==== DATA LISTING

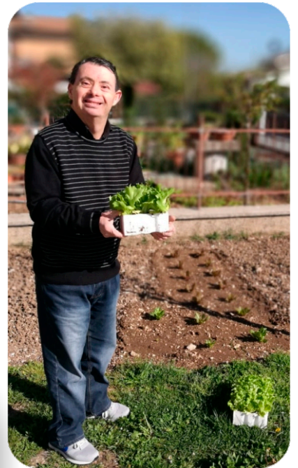
Noi approfittiamo per fare un po' di orto
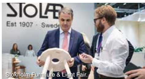
Stockholm Furniture & Light Fair.
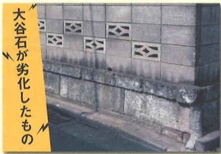
大谷石が劣化したもの
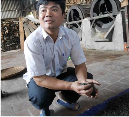
Le gérant de l'usine de thé de Bac Ha devant les machines de séchage des feuilles sponsorisées par le programme.
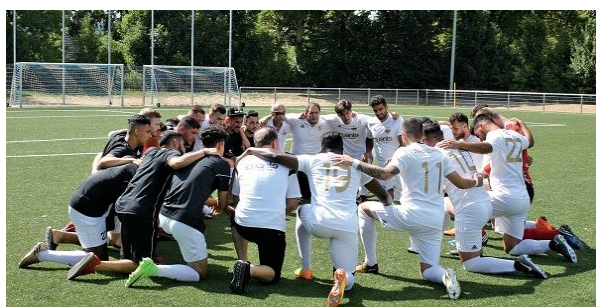
▲ 建立一個堅固團隊，要有健康的溝通及互相信任。

工場上的團隊成員需要定期做團隊建立和溝通的練習。如果有嫌隙，可能需要一位團隊以外、被眾人信賴的人幫忙和解，並教導健康的溝通模式，才能慢慢跨過磨合期，成為堅固的團隊。
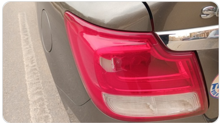
الكشاف الخلفي شمال : كسر بالباغة
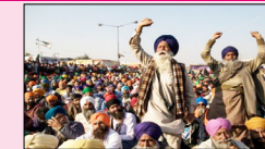
ਕਾਰਵਾਈ 'ਚ ਪੁਲਿਸ ਨੇ ਵੀ ਕਿਸਾਨਾਂ 'ਤੇ ਅੱਥਰੂ ਗੈਸ ਦੇ ਗੋਲੇ ਛੱਡੇ। ਹਾਲਾਂਕਿ, ਇਸ ਹੜਤਾਲ ਦੌਰਾਨ ਕਿਸਾਨ ਸਰਹੱਦ ਤੋਂ ਅੱਗੇ ਨਹੀਂ ਵਧ ਸਕੇ ਅਤੇ ਮੁੜ ਪਿੱਛੇ ਹਟ ਗਏ।

ਲੁਧਿਆਣਾ, ਸੁਖਚੈਨ ਮਹਿਰਾ- ਸ਼ੁੱਠ ਬੈਰੀਅਰ ਤੇ ਕਿਸਾਨ ਆਗੂਆਂ ਵਲੋਂ ਕੱਲ੍ਹ 14 ਦਸੰਬਰ ਨੂੰ ਦਿੱਲੀ ਕੂਚ ਲਈ ਤੀਜੇ ਜਥੇ ਦੇ ਜਾਣ ਦੀ ਤਿਆਰੀ ਖਿੱਚ ਲਈ ਗਈ ਹੈ। ਇਸ ਲਈ ਪੰਜਾਬ ਭਰ ਵਿੱਚੋਂ ਕਿਸਾਨਾਂ ਦੇ ਵੱਡੇ ਜਥੇ ਸ਼ੁੱਠ ਬੈਰੀਅਰ ਤੇ ਪੁੱਜਣੇ ਸ਼ੁਰੂ ਹੋ ਗਏ ਹਨ। ਜ਼ਿਆਦਾ ਠੰਢ ਪੈਣ ਕਾਰਨ ਕਿਸਾਨ ਅੱਗ ਬਾਲ ਕੇ ਸੋਕ ਰਹੇ ਹਨ। ਇੱਥੇ ਕਿਸਾਨਾਂ ਨੇ ਬੈਰੀਕੇਡ ਉਖਾੜ ਦਿੱਤੇ। ਜਵਾਬੀ
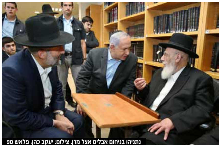
נתניהו בניחום אבליים אצל מרן.

גם במערכת הפוליטית הגיבו בצער ובתדהמה עם הידוע דבר הסתלקותו של מרן זצוק"ל. מרן זצוק"ל היה מוקד עליה לרגל גם עבור המערכת הפוליטית. רבים מהפוליטיקאים בישראל נהגו להסתופף בצילו ולהיועץ עימו במגוון נושאים. מרן קיבל את כולם בסבר פנים. נשיא המדינה יצחק הרצוג כתב: "אני אבל על לכתו מעייננו של ראש הישיבה הדגול חכם שלום כהן זצ"ל. לצד גדלותו בתורה, הוא היה מנהיג רוחני שהוביל בענווה ובצניעות ציבור גדול וחשוב בישראל ובעולם היהודי. נפגשנו פעמים רבות, וצר לי שהשנה לא אזכה לקיים המסורת ולבקר אותו בסוכתו. בכל
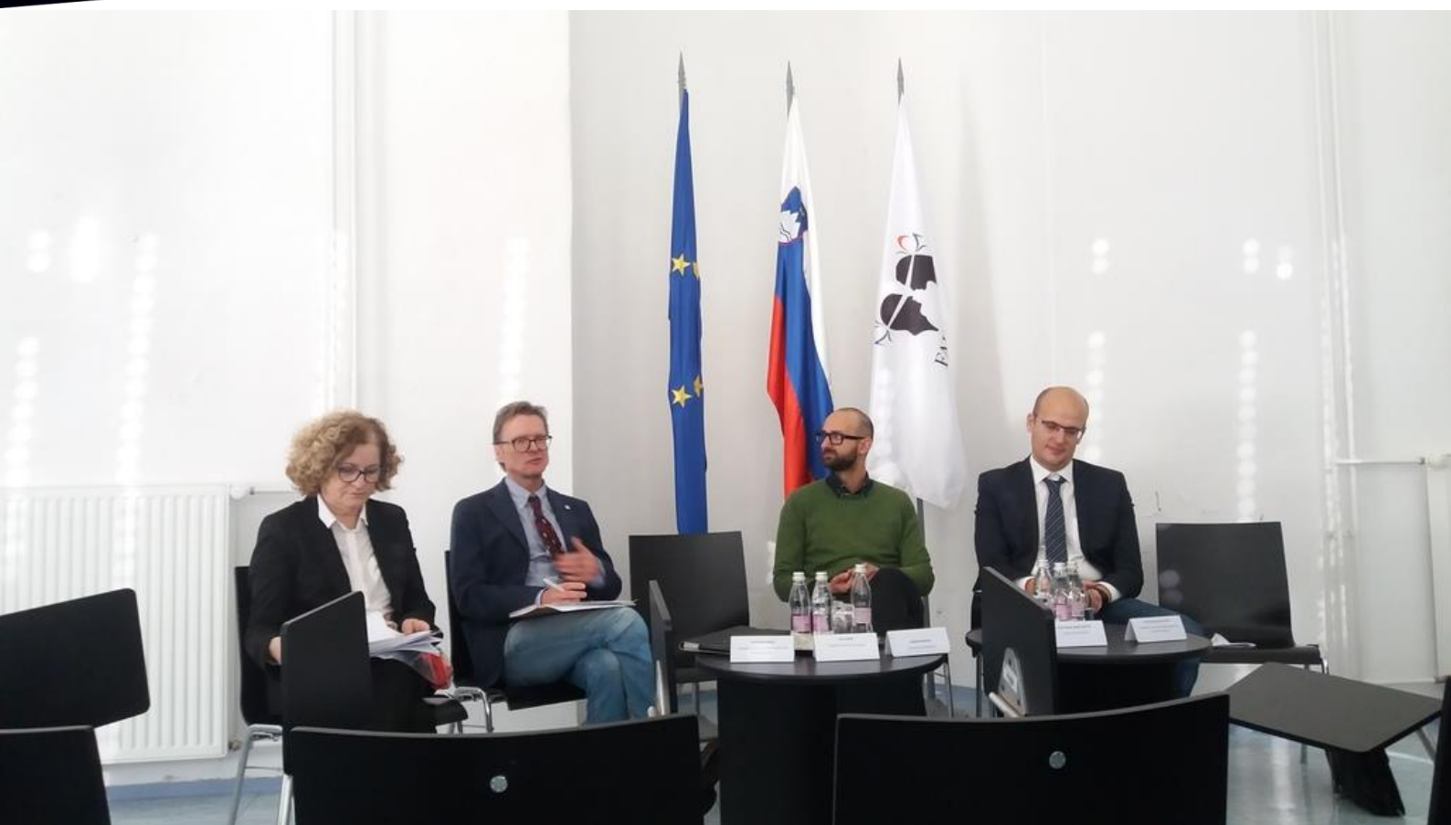
Foto: Deveta mednarodna konferenca o pravni teoriji in pravni argumentaciji
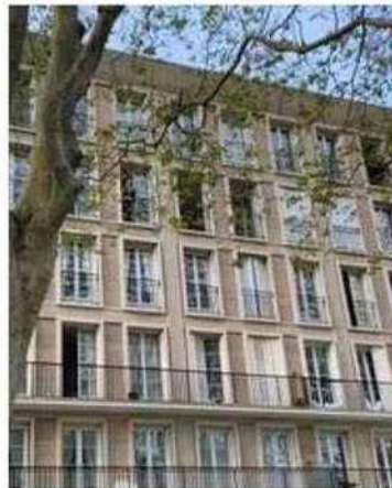
Les copropriétaires se trouvent face à l'enjeu de la rénovation énergétique

Il organise ainsi sa 7 e rencontre à destination du grand public afin qu'il puisse s'y retrouver dans le dédale juridique et réglementaire.
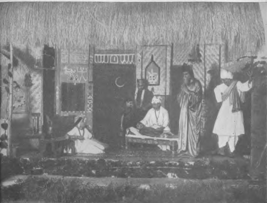
Сцена из пьесы «Почта»
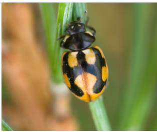
Hieroglyfmariehøne* Coccinella hieroglyphica Lengde: 4 - 5 mm Habitat: Lynghei Slekten har 6 arter i Norge
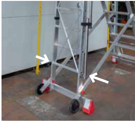
Bokada stabilizatora. Closed stabilisers.

Maksymalne bezpieczeństwo, zapobieganie przechyleniu przy pomocy bocznych stabilizatorów, które po zamknięciu ułatwiają pracę na platformie. Maximum anti-tilting safety with side outriggers which, once closed, facilitate movement of the ladder.

========

THE TASK: From the material above, reproduce everything verbatim except the pictures.

RESULT FOR THIS TASK:
Noi approfittiamo per fare un po' di orto
Stockholm Furniture & Light Fair.
大谷石が劣化したもの
Le gérant de l'usine de thé de Bac Ha devant les machines de séchage des feuilles sponsorisées par le programme.
▲ 建立一個堅固團隊，要有健康的溝通及互相信任。

工場上的團隊成員需要定期做團隊建立和溝通的練習。如果有嫌隙，可能需要一位團隊以外、被眾人信賴的人幫忙和解，並教導健康的溝通模式，才能慢慢跨過磨合期，成為堅固的團隊。
الكشاف الخلفي شمال : كسر بالباغة
ਕਾਰਵਾਈ 'ਚ ਪੁਲਿਸ ਨੇ ਵੀ ਕਿਸਾਨਾਂ 'ਤੇ ਅੱਥਰੂ ਗੈਸ ਦੇ ਗੋਲੇ ਛੱਡੇ। ਹਾਲਾਂਕਿ, ਇਸ ਹੜਤਾਲ ਦੌਰਾਨ ਕਿਸਾਨ ਸਰਹੱਦ ਤੋਂ ਅੱਗੇ ਨਹੀਂ ਵਧ ਸਕੇ ਅਤੇ ਮੁੜ ਪਿੱਛੇ ਹਟ ਗਏ।

ਲੁਧਿਆਣਾ, ਸੁਖਚੈਨ ਮਹਿਰਾ- ਸ਼ੁੱਠ ਬੈਰੀਅਰ ਤੇ ਕਿਸਾਨ ਆਗੂਆਂ ਵਲੋਂ ਕੱਲ੍ਹ 14 ਦਸੰਬਰ ਨੂੰ ਦਿੱਲੀ ਕੂਚ ਲਈ ਤੀਜੇ ਜਥੇ ਦੇ ਜਾਣ ਦੀ ਤਿਆਰੀ ਖਿੱਚ ਲਈ ਗਈ ਹੈ। ਇਸ ਲਈ ਪੰਜਾਬ ਭਰ ਵਿੱਚੋਂ ਕਿਸਾਨਾਂ ਦੇ ਵੱਡੇ ਜਥੇ ਸ਼ੁੱਠ ਬੈਰੀਅਰ ਤੇ ਪੁੱਜਣੇ ਸ਼ੁਰੂ ਹੋ ਗਏ ਹਨ। ਜ਼ਿਆਦਾ ਠੰਢ ਪੈਣ ਕਾਰਨ ਕਿਸਾਨ ਅੱਗ ਬਾਲ ਕੇ ਸੋਕ ਰਹੇ ਹਨ। ਇੱਥੇ ਕਿਸਾਨਾਂ ਨੇ ਬੈਰੀਕੇਡ ਉਖਾੜ ਦਿੱਤੇ। ਜਵਾਬੀ
נתניהו בניחום אבליים אצל מרן.

גם במערכת הפוליטית הגיבו בצער ובתדהמה עם הידוע דבר הסתלקותו של מרן זצוק"ל. מרן זצוק"ל היה מוקד עליה לרגל גם עבור המערכת הפוליטית. רבים מהפוליטיקאים בישראל נהגו להסתופף בצילו ולהיועץ עימו במגוון נושאים. מרן קיבל את כולם בסבר פנים. נשיא המדינה יצחק הרצוג כתב: "אני אבל על לכתו מעייננו של ראש הישיבה הדגול חכם שלום כהן זצ"ל. לצד גדלותו בתורה, הוא היה מנהיג רוחני שהוביל בענווה ובצניעות ציבור גדול וחשוב בישראל ובעולם היהודי. נפגשנו פעמים רבות, וצר לי שהשנה לא אזכה לקיים המסורת ולבקר אותו בסוכתו. בכל
Foto: Deveta mednarodna konferenca o pravni teoriji in pravni argumentaciji
Les copropriétaires se trouvent face à l'enjeu de la rénovation énergétique

Il organise ainsi sa 7 e rencontre à destination du grand public afin qu'il puisse s'y retrouver dans le dédale juridique et réglementaire.
Сцена из пьесы «Почта»
Hieroglyfmariehøne* Coccinella hieroglyphica Lengde: 4 - 5 mm Habitat: Lynghei Slekten har 6 arter i Norge
Bokada stabilizatora. Closed stabilisers.

Maksymalne bezpieczeństwo, zapobieganie przechyleniu przy pomocy bocznych stabilizatorów, które po zamknięciu ułatwiają pracę na platformie. Maximum anti-tilting safety with side outriggers which, once closed, facilitate movement of the ladder.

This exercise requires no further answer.